Thank you, Your Honor.
Ladies and gentlemen of the jury, the great thing about our system of justice is that it allows you to hear both sides of the story and then decide. Now, the prosecutor has told you one side and one view of events. And yes, my client, Adalberto Cardoso, did break into a McDonald's restaurant in Pawtucket at 3 a.m. on Friday. He doesn't dispute that. Nor does he dispute that he was covered in blood and wearing only boxer shorts at the time, although I ask you to remember that both the blood and the shorts were his own. There is no crime in that. My client also does not dispute that he jumped out of the broken window, struggled with police, punched a police dog, and then jumped back into the McDonald's, got on top of the milkshake machine and started throwing "handfuls of milkshake" at the officers when they entered. But I ask you, have we come to the point in this country where throwing a "handful of milkshake" constitutes assault on a police officer? I think not.

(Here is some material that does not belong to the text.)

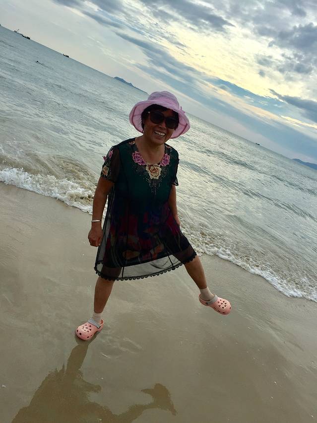 妈妈拍照很随意,其实人处于美景之中本身就很美了有木有~

And the fact that the video of the milkshake-throwing is one of the most popular on YouTube, as the prosecutor kept bringing up, does not make my client guilty.
The prosecutor would also have you believe that my client intentionally pulled the milkshake machine from the wall and bit into the electrical cord in some kind of misguided attempt to harm himself and the police. Yes, the machine fell over during the struggle, and yes, the cord was caught between my client's teeth. An accident, ladies and gentlemen, due to the reckless actions of the police. He did say, "I'm going to kill us all," but you've heard him say that he meant it as an expression of regret about his clumsiness. And I believe him. You couldn't kill anyone with 220 volts, let alone four police officers and a ferocious police dog. We all know that.
And now the prosecutor asks you to blame this man -- this cold, desperately hungry, pantsless man -- for seeking shelter and food. That's not right. Where is the blame for the real villain here? Why isn't McDonald's in this courtroom, answering for its attractive depictions of food so addictive, so mouthwateringly tasty, that a grown man would be driven to smash through the windows with his bare hands at 3 a.m. in order to get a Quarter Pounder? Another corporation getting away scot-free, blaming the consumer. He's not "Lovin' It" now, is he?
I ask you to return a verdict of not guilty. Thank you.